#### Exercise material ####
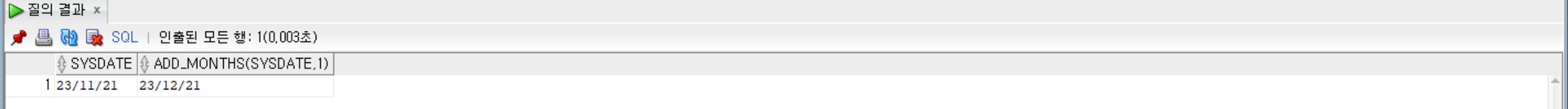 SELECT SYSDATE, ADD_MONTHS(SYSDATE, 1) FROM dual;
####
#### Exercise material ####
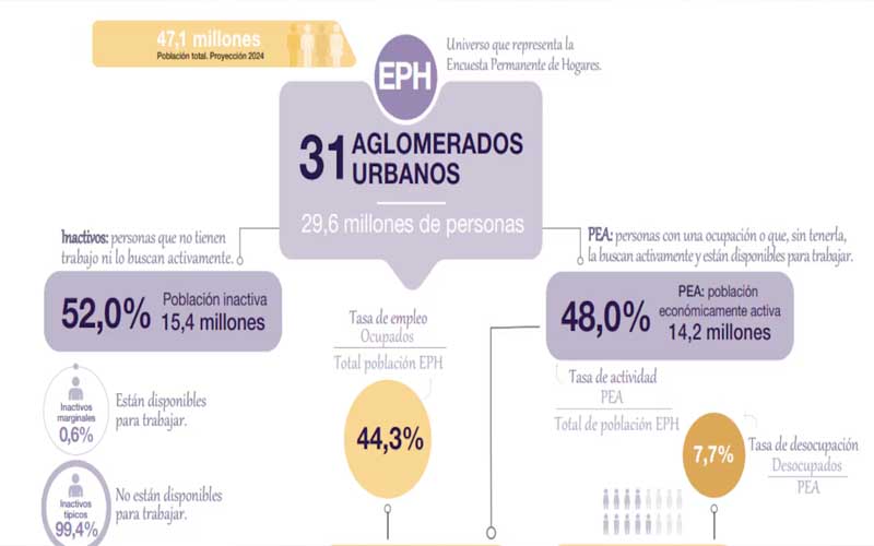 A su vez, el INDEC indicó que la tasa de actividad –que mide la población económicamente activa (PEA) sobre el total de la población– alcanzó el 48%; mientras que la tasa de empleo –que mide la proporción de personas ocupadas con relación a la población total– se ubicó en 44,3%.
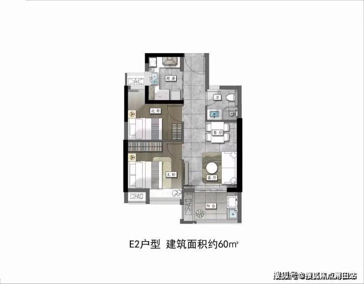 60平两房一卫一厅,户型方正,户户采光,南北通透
####
## Activity:
Using the data above, retype exactly and only the lines from the one containing "A su vez, el" up to and including the one containing "60平两房一卫一厅,户型方正,户户采光,南北通透", with no pictures carried over.

## Solution to this exercise:
 A su vez, el INDEC indicó que la tasa de actividad –que mide la población económicamente activa (PEA) sobre el total de la población– alcanzó el 48%; mientras que la tasa de empleo –que mide la proporción de personas ocupadas con relación a la población total– se ubicó en 44,3%.
 60平两房一卫一厅,户型方正,户户采光,南北通透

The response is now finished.